オリビアは応接室に入って来たバーストン家の騎士を見て思った。
抵抗もせず拘束を受け入れ、猿ぐつわをされて馬車に乗せられる。
ここでは手荒には扱われないようでオリビアは安心した。
その内何人かが乗り込んで来て、馬車は動き出す。
あれはセルダ殿下の婚約者だった侯爵令嬢だわ。最後にリネット様を抱いて乗って来たのは学園でよく見掛ける教育機関の管理の人ね。
そうか、リネット様の婚約者はこの人だったわ。
リネットは気を失っているようだ。婚約者に大事そうに抱きかかえられ、愛おしそうに髪を撫でられている。

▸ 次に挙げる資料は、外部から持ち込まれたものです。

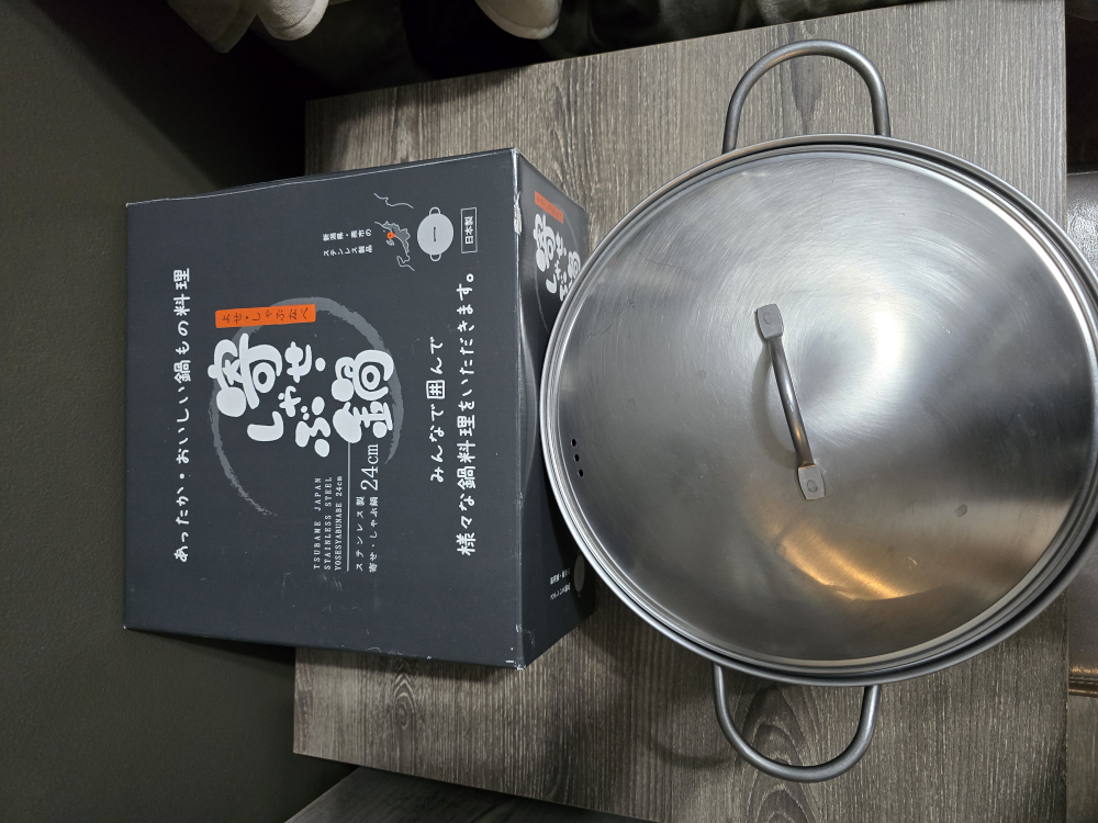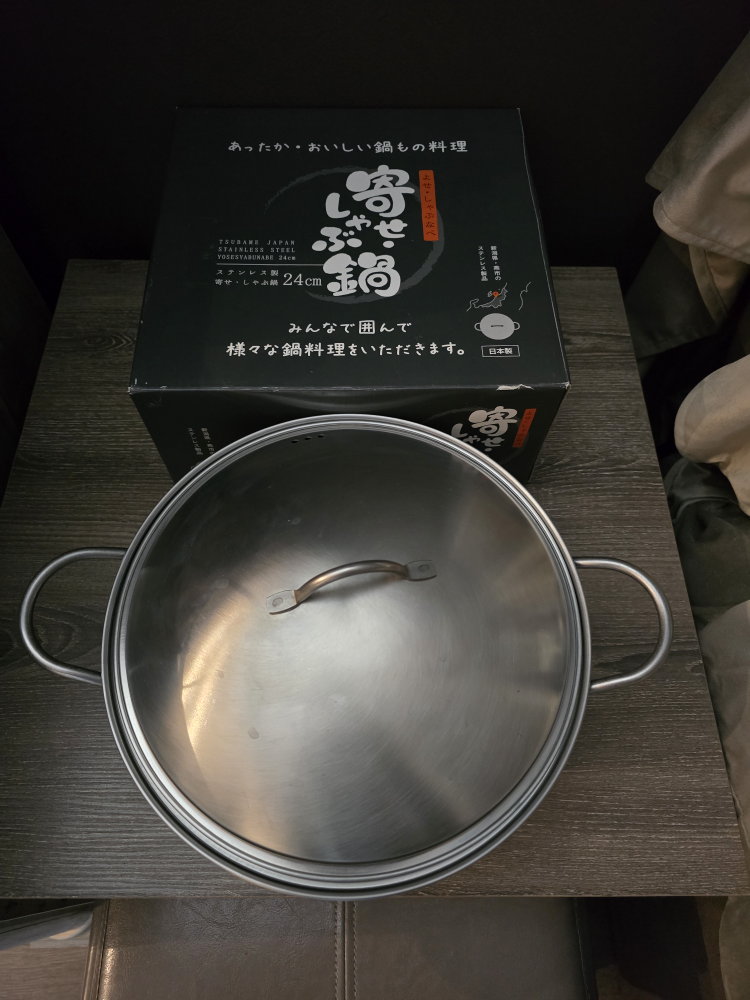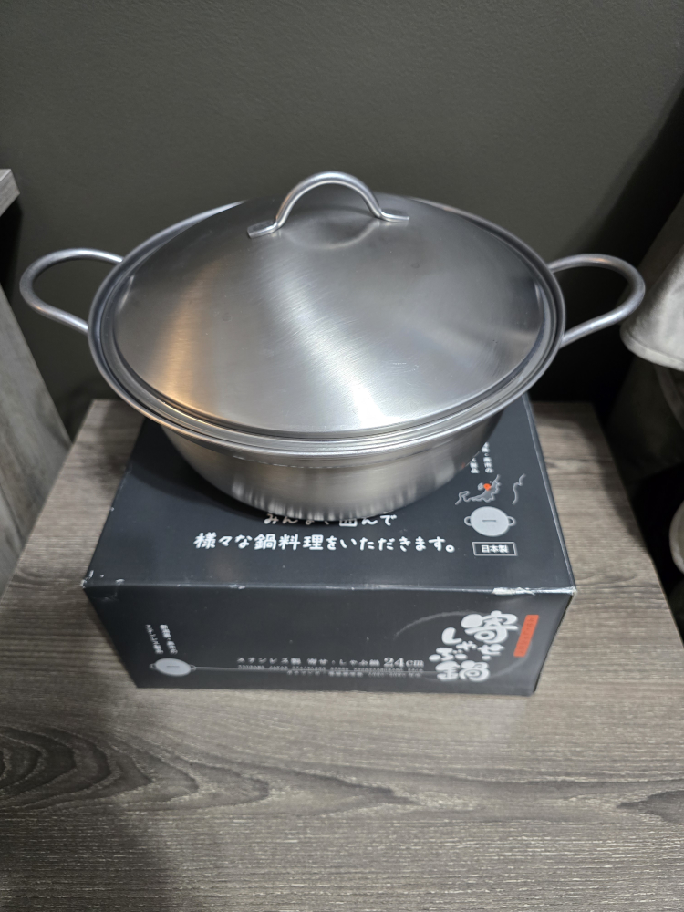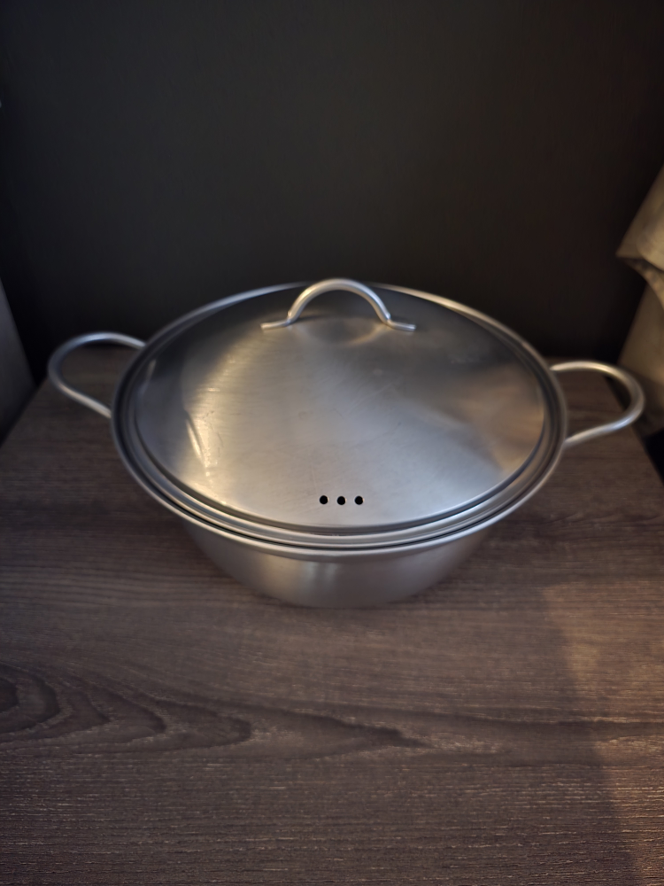 Stainless steel pot, 24cm diameter. Features a lid with a small handle and two side handles. Comes in original box.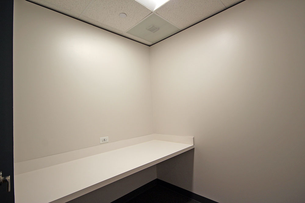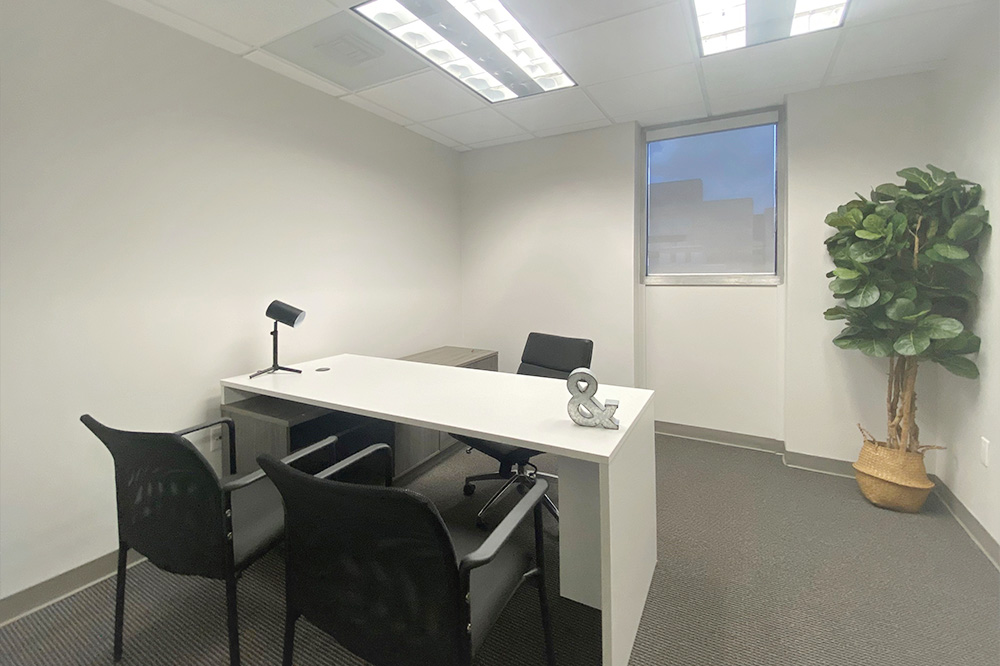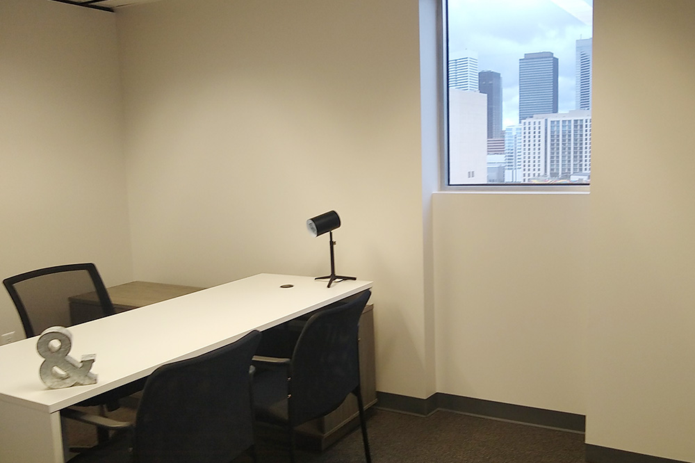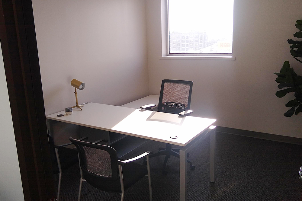Furnished interior office for 1 with built-in desk & executive chair. Includes shared waiting areas, conference rooms, huddle rooms, lounge, coffee bar, and WiFi.

王子から求婚され、婚約者にも大事にされてるなんて…世の中本当に不公平だわ。
王宮へ運ばれ、その一室へ入れられた。普通の部屋のようだが、ドアは一つしかなく、窓には鉄格子がある。貴族の罪人を入れる部屋なのだろう。
手首と手の親指同士を固定されていたが、足は自由だった。
王宮の騎士が部屋の隅に立って見張っている。
ソファに座り、しばらくすると数人の騎士に父ヒューゴが運ばれて来た。
ドサリと部屋の中のベッドへ放り出されたヒューゴは、手足を拘束され、目隠しと猿ぐつわもされている。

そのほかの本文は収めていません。